Я произнес несколько речей. Одна была такая: «Если мы действительно пара, то я могу смотреть на мир глазами своей жены. И если я заболел, то мне особенно важно, чтобы она пошла на склон, и я увидел горы хотя бы через нее. Мне будет ужасно обидно, если она останется, потому что и я тогда не поеду на подъемнике, не вдохну горный воздух, не скачусь по склону, а так я буду наслаждаться ее руками, ее ногами и ее глазами. И если я когда-нибудь стану инвалидом, прикованным к креслу, то мне не хотелось бы, чтобы моя жена приковала себя рядом со мной, наоборот, пусть путешествует, смотрит мир и рассказывает мне о нем». А про себя я подумал, что если умру, то не хочу, чтобы моя жена вечно горевала и оставалась одна, наоборот, пусть побыстрее найдет себе мужчину и веселится с ним, а я присоединюсь к ним с того света. Но от озвучивания этой мысли я благоразумно воздержался, чтобы не напоминать детям слишком часто о том, что меня тяготит приближение старости. Жена уже ко всему привыкла, а дети пусть думают обо мне немного лучше, чем я есть.
Мои аргументы казались мне железными. И действительно, женщины временно заколебались. «Да, – сказала одна из них, – если уж ушел, то пусть тогда присылает фотографии и пишет смски о том, что видит». Но их ряды дрогнули ненадолго. Видимо, представить, что мужчина катается, а она сидит дома в одиночестве, было невыносимо, и женщины опять возмутились.

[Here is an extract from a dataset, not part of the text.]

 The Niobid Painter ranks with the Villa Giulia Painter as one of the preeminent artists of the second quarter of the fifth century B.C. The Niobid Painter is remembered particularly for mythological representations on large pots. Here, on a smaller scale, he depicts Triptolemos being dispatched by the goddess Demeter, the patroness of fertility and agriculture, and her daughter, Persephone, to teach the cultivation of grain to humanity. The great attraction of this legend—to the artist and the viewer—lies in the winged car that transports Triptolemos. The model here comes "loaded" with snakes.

Я тоже стал горячиться, сказал, что я бы обиделся на свою подругу, если бы она осталась дома и лишила бы меня возможности радоваться ее радостью (а про себя подумал, что, может быть, мне даже и приятно было бы поплющиться в одиночестве при наличии такого законного повода).

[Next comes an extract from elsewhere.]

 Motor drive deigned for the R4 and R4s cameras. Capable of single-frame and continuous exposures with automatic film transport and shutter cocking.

Но моя битва за женские души была проиграна. И тогда мне пришел в голову аргумент от противного. Я сказал, что знаю, в каком случае второй должен безусловно остаться. «Представим, – продолжил проповедовать я, – что на лыжах поехали кататься тайные любовники. И тогда, конечно же, главное для них – это редкая возможность побыть вместе, а лыжи явно вторичны. И второй, конечно, останется с заболевшим». Дети притихли. Повеяло запахом запретной любви. Я невзначай напомнил, что мы с моей нынешней женой долгое время были именно такими тайными любовниками. И они, наверное, вспомнили, как вместе с мамой оставались дома, а я уезжал от них якобы один покататься на горных лыжах. Может быть, я зря так сказал? Нет, нет – все это было давно и неправда. Я уже дедушка, а жена уже сто лет как жена и давным-давно подружилась с моими детьми от прошлых браков. Старший сын легко разорвал тишину, заулыбался и сказал: «О, да – это случай особенный». Он лукаво посмотрел на свою собственную жену и спор завертелся дальше.

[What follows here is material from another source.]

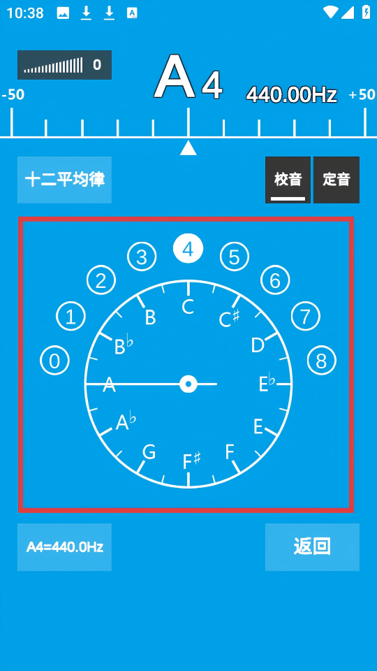 4、在該界面可依據(jù)十二平均律等刻度進行校音操作。

И тут-то я вспомнил историю.
Впрочем, прежде чем рассказать ее, скажу, что тема, поднятая сыном, оказалась исключительно актуальной для всех нас, а также, я уверен, для многих современных пар. Эта тема баланса между близостью и наличием своего пространства. Мой старший сын бесконечно качался на качелях – то стремился слиться с женой, страдая, что она к нему недостаточно ласкова, то мучился от этой близости и сбегал пожить отдельно. Сын поменьше еще школьником влип в роман и немедленно сгорел от неумеренного слияния.
Мы с женой долго были любовниками, но между нами всегда стояла прочная преграда – необходимость хранить тайну. А когда тайное стало явным, и мы оказались вместе, на помощь пришли мои дети, а также многочисленные занятия и увлечения моей жены, которые не дали нам раствориться друг в друге.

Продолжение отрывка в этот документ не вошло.